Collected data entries
▼
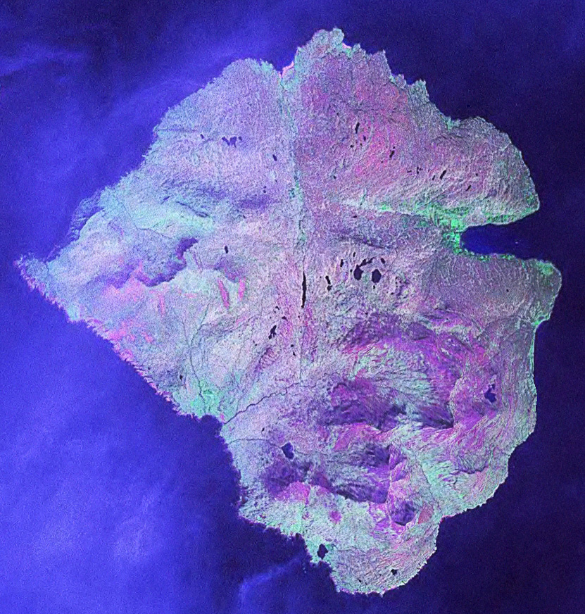 Screenshot from World Wind software displaying NASA Landsat imagery. The website says "The Landsat Global Mosaic, Blue Marble, and the USGS raster maps and images are all Public Domain." (
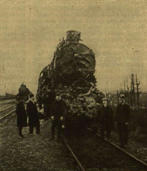 Broken locomotive at the Herceghalom railway accident's site
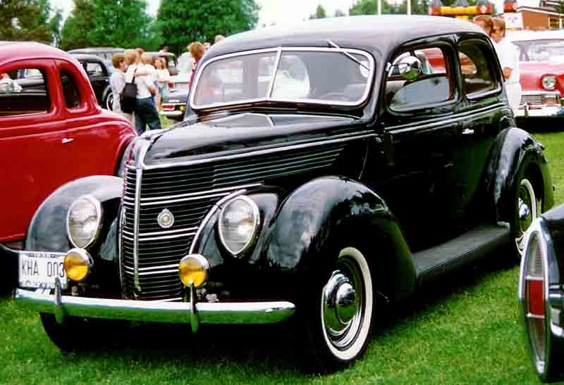 Ford 700C Standard Tudor Sedan 1938
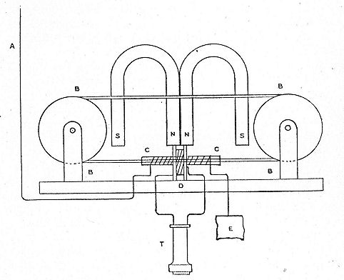 Marconi magnetic detector scheme. From the book "A Handbook of Wireless Telegraphy" (1913) by J. Erskine-Murray. D.Sc.
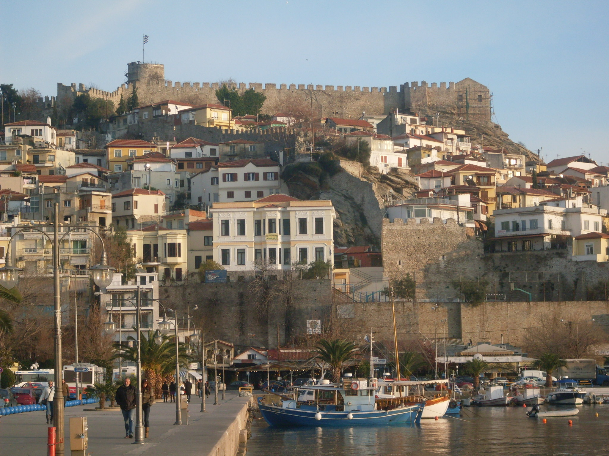 Kavala port
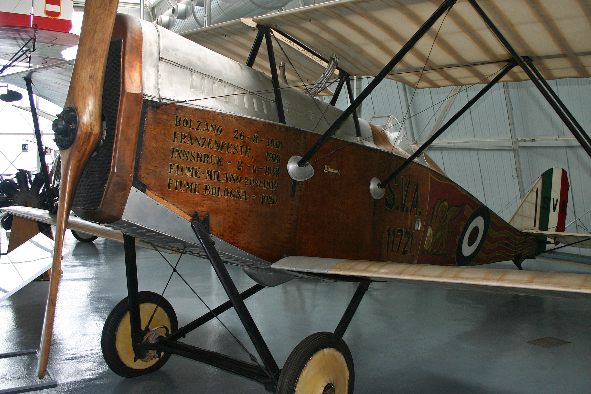 Displayed in Hangar TROSTER. Took part in leaflet drop over Austria, 9th August 1918.
▲
_REQUIRED ACTION_
The required answer is every line from the one containing "Broken locomotive at" through the last line of the entries, restated word for word and with no pictures.

_WORKED SOLUTION_
 Broken locomotive at the Herceghalom railway accident's site
 Ford 700C Standard Tudor Sedan 1938
 Marconi magnetic detector scheme. From the book "A Handbook of Wireless Telegraphy" (1913) by J. Erskine-Murray. D.Sc.
 Kavala port
 Displayed in Hangar TROSTER. Took part in leaflet drop over Austria, 9th August 1918.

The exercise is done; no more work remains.